Crab Bowl Classic
- First meeting: October 25, 1905 Navy 17, Maryland 0
- Latest meeting: September 6, 2010 Maryland 17, Navy 14
- Next meeting: TBA
- Trophy: The Crab Bowl

Statistics
- Total meetings: 21
- All-time series: Navy leads, 14–7
- Largest victory: Navy 76, Maryland 0 (1913)
- Longest win streak: Navy, 8 (1905–1930)
- Current win streak: Maryland 2 (2005–present)

= Crab Bowl Classic =

American college football rivalry

The Crab Bowl Classic is the name given to the Maryland–Navy football rivalry. It is an American college football rivalry between the Maryland Terrapins football team of the University of Maryland and the Navy Midshipmen football team of the United States Naval Academy.
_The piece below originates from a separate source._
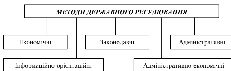
Рис. 1.4. Методи державного регулювання розвитку регіону

Економічні методи: це методи впливу на попит і пропозицію товарів, на умови формування економічних ресурсів, витрат і результатів, що включають державне споживання, бюджетну політику, оподаткування, регулювання грошового обігу і надання кредитів, фінансування виробництва, митне регулювання, регулювання цін на товари і тарифів на послуги [259, с. 27].

The two institutions, located in close proximity in the state of Maryland, first met for a football game in 1905. Since then, the series has often been marked by controversy, with incidents by players and supporters occurring both on and off the field. The winner of the game is awarded the Crab Bowl trophy.

Navy dominated the series early by winning the first eight games, between 1905 and 1930, which remains the longest streak. Maryland secured its first win in 1931 at a neutral site in Washington, D.C. After two more meetings, the series was suspended in 1934 when the Maryland administration protested a play.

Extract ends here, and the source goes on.